2010 was a banner year for television, which means there was certainly no shortage of nominees for our third annual "Top 100 Everything" list. Here you'll find the shows, characters, and episodes that made 2010 amazing—as well as the behind-the-scenes players, trends, and TV-relevant happenings that helped shaped the culture of television this year.
The exceptional quality of the third season of Fringe was the result of exponential improvement in this underwatched series. Our heads have exploded many times over while jumping back and forth between the two universes, watching each cast member play two different characters, and wondering what must be going through Peter and Olivia's minds in one heck of a bump in a relationship. If you gave up on Fringe early, trust us: It's time to get back on board this train, because it's one of the best on TV.
9. Old Spice's "The Man Your Man Could Smell Like"
How in the heck did a commercial make our list? By being the most awesome commercial of all time! Old Spice won big when it cast Isaiah Mustafa, the unbearably charming spokesperson in those hilarious one-shot ads that actually inspired us to put down our DVR remotes. (P.S. We'd also like to give a quick shout-out to the runner-up in this category, Allstate's Mayhem ads. Shaky shaky, shaky shaky shaky...)
The third season of HBO's vampire drama took things up a notch in 2010. Whether it was gore (Russell ripping out a newscaster's heart on ), sex (Sookie and Bill's blood shower), or both (Bill's head-twisting sex scene with Lorena), True Blood consistently delivered the naughty—and we were all the more happy because of it. Don't even try to pretend you didn't enjoy feeling your jaw drop to the floor.
The Season 5 finale marked the end of show creator Eric Kripke's original five-year plan, with the Winchester brothers finally confronting Lucifer, fulfilling their destinies, and giving us the apocalyptic showdown we'd been waiting for. It was incredible television for a network that usually relies on "OMG they hooked up!" storylines. Instead, Sam and Dean saved the world. You can thank them later.

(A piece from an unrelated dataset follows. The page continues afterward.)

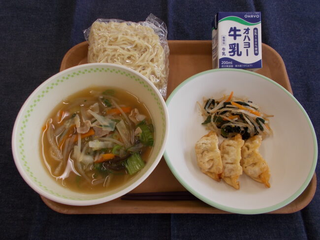 3月9日 / 最終更新日時 : 3月9日 okamo10 今日の給食 2026年3月9日(月)の給食 しょうゆラーメン 牛乳 揚げぎょうざ もやしのごまあえ(714キロカロリー) ラーメンと揚げぎょうざ、人気の組み合わせですね!野菜のうまみたっぷりのスープでいただきます。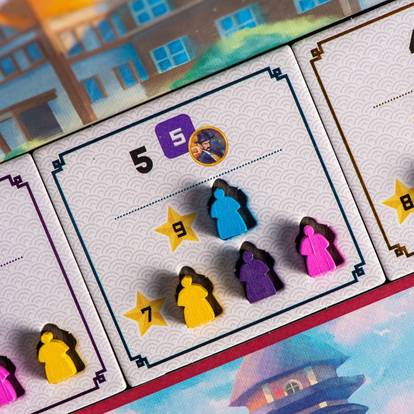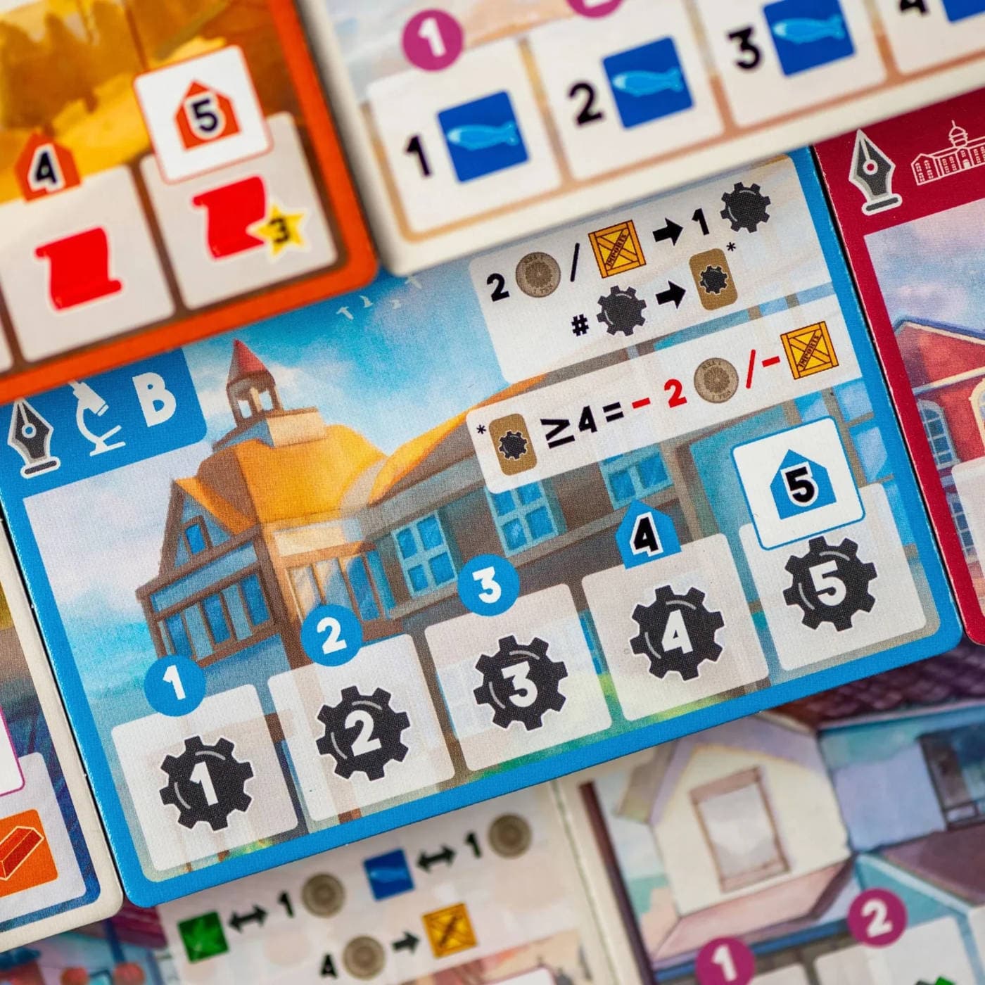 Yokohama, which scored 7.8 out of 10 on the BGG portal, has a modular field that changes from game to game, a movement and influence mechanic (you have to activate zones, collect resources, and build commercial facilities).

This subtle drama about underdog detectives Hank (Donal Logue) and Britt (Michael Raymond-James) didn't fit into any established TV genre, and we're still mourning its quick cancellation. The first (and now only) season was nearly flawless; we'll definitely be re-watching it on DVD in the years ahead.
5. Walter White says "Run!"
The final seconds of Breaking Bad's penultimate episode "Half Measures" made for one of the year's finest televised moments. We won't spoil it for you (if you've seen it, you know what we're talking about), but this was the moment Walter White lived up to the show's name and made us start counting the days until it returns this July. Brilliant stuff.
Community has done plenty of fantastic standalone episodes—Season 2's bottle episode and Halloween episode both come to mind—but "Modern Warfare" is still the masterpiece of them all. in an episode that spoofed action movies, NBC's underdogs got themselves into an every-man-for-himself paintball battle—and once again proved that Community is always willing to go where other shows fear to tread: the land of originality.
3. NBC's Late-Night fiasco
The Peacock screwed up royally, and for several weeks we watched as The Jay Leno Show struggled and Conan O'Brien got booted from The Tonight Show. Everyone had something to say about the affair: David Letterman and Jimmy Kimmel perfected their Leno impressions, and Craig Ferguson and Jimmy Fallon took the opportunity to get sillier and weirder.. But the most interesting part of all was watching O'Brien transform before our eyes as he went from out-of-place to martyr overnight.
In what was arguably the best season of AMC's 1960's drama, this wonderfully crafted installment showcased Elisabeth Moss and Jon Hamm's best performances on the show to date. The actual historical fight between Cassius Clay and Sonny Liston mirrored the episode's throwdown between Peggy and Don, with Peggy demanding more respect for her work at Sterling Cooper Draper Pryce, and Don eventually conceding; the result was delightful to watch, and the characters entered a new realm of respect and camaraderie.
Regardless of what you thought of the existential finale, the hoopla surrounding the final episode of the mind-bending show was unlike anything we've seen in recent memory. The importance of Lost will never be put into words; it was the ultimate watercooler show, its influence can be felt everywhere, it brought sci-fi into the mainstream with strong characters (imagine that!), and it was unlike anything we'll ever see again. Thank you, Lost, for six wonderful seasons. But seriously, what was the island, really?
And there you have it, folks—another year of television has come to a close. What are you hoping to see on TV in 2011? What'd you think of this year's Top 100 list? And what do you think we missed?